| Li Po | |
|---|---|
| Born | 701 Sui Ye |
| Died | 762 Dangtu |
| Occupation(s) | Poet |
| Nationality | Chinese |
| Writing period | Tang dynasty |
Li Po (more correctly, Li Bai; 李白, Lǐ Bái; or Lǐ Bó) (701 – 762) was a Chinese poet. He was part of the group of Chinese scholars called the "Eight Immortals of the Wine Cup" in a poem by fellow poet Du Fu. Li Bai is often regarded, along with Du Fu, as one of the two greatest poets in China's literary history.
According to the hearsay of his time, Li Po committed suicide by drowning while drunk on rice wine, his last moments spent trying to hold the reflection of the moon in the Yangtze River.
Adapted from The Works of Li Po, the Chinese Poet, done into English verse by Shigeyoshi Obata.
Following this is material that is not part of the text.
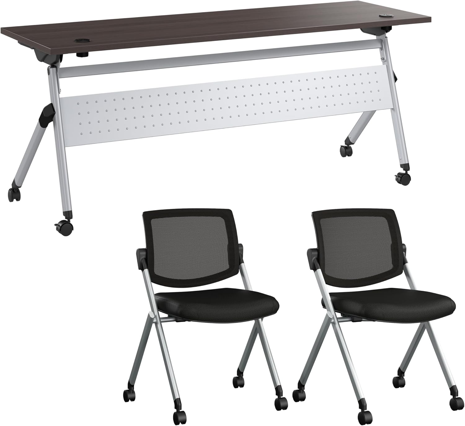 Transform your classroom or training facility with the Bush Business Furniture Envision 72 inch Folding Training Table with Powered Grommets and 2 Chairs, designed to provide ample workspace that folds and stores easily, making room for dynamic learning experiences. Durable 1-inch thick thermally fused laminate surface protects against scratches, stains, and other cosmetic damage and offers 2 wire management grommets on surface. Desktop includes 2 powered grommets to keep devices charged with a standard outlet as well as USB-A and USB-C ports. Table's sturdy metal base gives the work surface a weight capacity of 75 pounds to support a laptop and more. Dual-wheeled casters roll on carpeted or hard surfaces, allowing the table to lock in place for secure positioning and the chairs to be set up and rearranged at a moment's notice. Chairs' steel frame provides structural strength with a weight capacity of 275 pounds, while the cushioned seat measures 18W x 18D. Breathable nylon mesh backrest is great for staying cool in warmer environments. Easy-to-use lever flips the top vertically, allowing multiple folding tables to nest together, while the folding chairs are designed to be stacked in rows for convenient storage. Bush Business Furniture's commitment to safety includes rigorous testing that meets or exceeds ANSI/BIFMA x5.5 commercial test standards. Backed by the Bush Business Furniture 3 Year Manufacturer's Warranty.

E. P. Dutton & Co, New York, 1922.
The living is a passing traveler;
The dead, a man come home.
One brief journey between heaven and earth,
Then, alas! we are the same old dust of ten thousand ages.
The rabbit in the moon pounds the elixir in vain;
Fu-sang, the tree of immortality, has crumbled to kindling wood.
Man dies, his white bones are dumb without a word
While the green pines feel the coming of the spring.
Looking back, I sigh; looking before, I sigh again.
What is there to prize in the life's vaporous glory?
Chuang Tzu in dream became a butterfly,
And the butterfly became Chuang Tzu at waking.
Which was the real — the butterfly or the man?
Who can tell the end of the endless changes of things?
The water that flows into the depth of the distant sea
Returns in time to the shallows of a transparent stream.
The man, raising melons outside the green gate of the city,
Was once the Prince of the East Hill.
So must rank and riches vanish.
You know it, still you toil and toil—what for?